__Stored data__
★ ★ ★

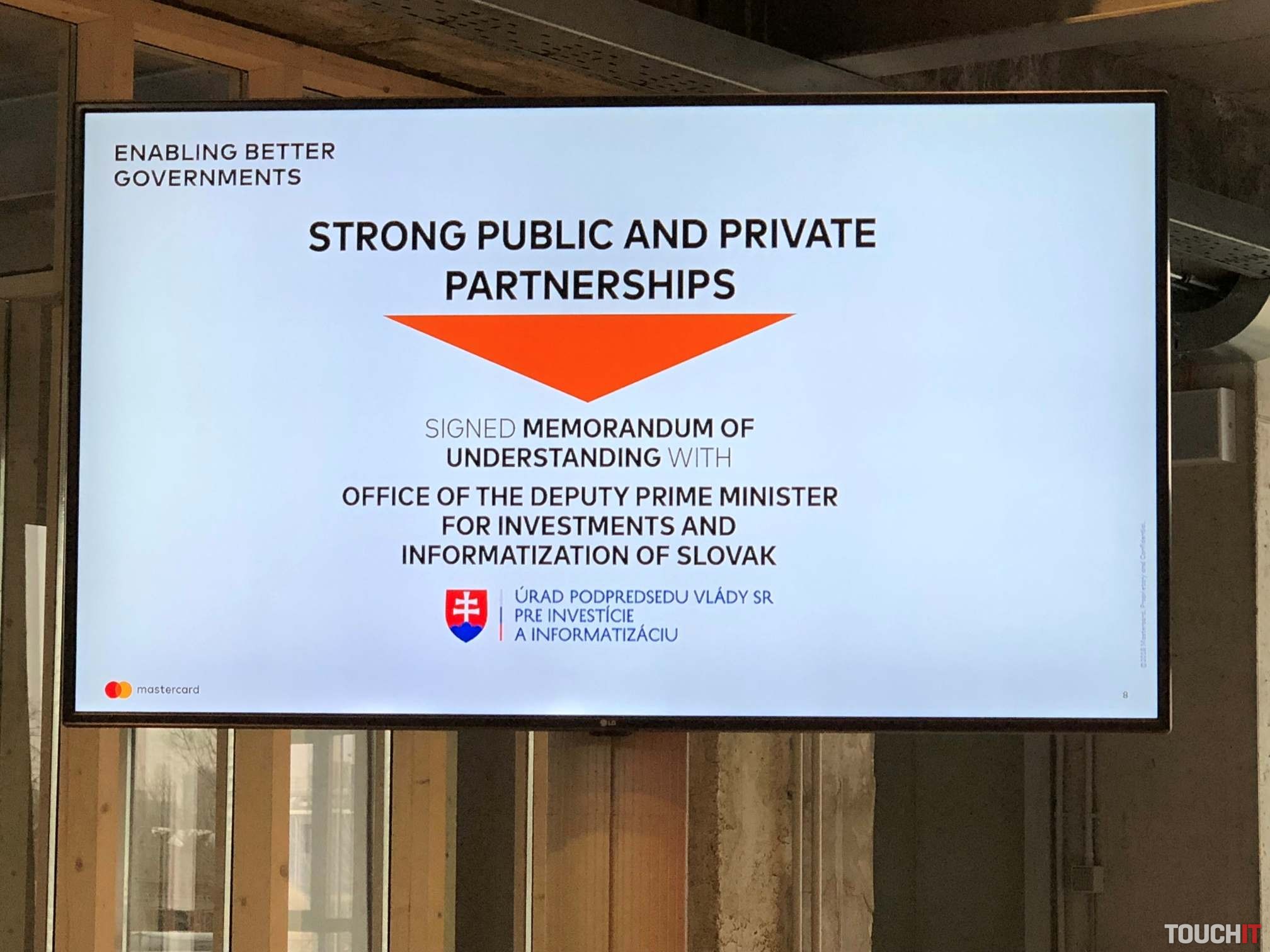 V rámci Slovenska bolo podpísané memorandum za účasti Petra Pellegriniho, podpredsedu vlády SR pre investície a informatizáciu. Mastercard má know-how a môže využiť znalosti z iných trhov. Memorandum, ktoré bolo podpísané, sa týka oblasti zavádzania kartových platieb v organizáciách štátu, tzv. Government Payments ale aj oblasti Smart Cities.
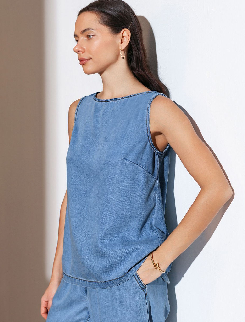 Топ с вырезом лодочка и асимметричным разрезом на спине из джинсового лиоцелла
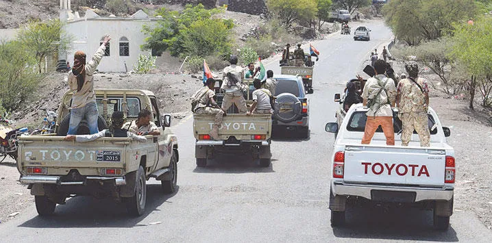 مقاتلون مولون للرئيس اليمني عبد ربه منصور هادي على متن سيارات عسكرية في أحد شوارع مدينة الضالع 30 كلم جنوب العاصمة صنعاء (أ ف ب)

★ ★ ★

__What you are asked to do__
Return exactly the lines that begin with the one containing "Топ с вырезом" and end with the final line of the data above; include no pictures.

__Result__
 Топ с вырезом лодочка и асимметричным разрезом на спине из джинсового лиоцелла
 مقاتلون مولون للرئيس اليمني عبد ربه منصور هادي على متن سيارات عسكرية في أحد شوارع مدينة الضالع 30 كلم جنوب العاصمة صنعاء (أ ف ب)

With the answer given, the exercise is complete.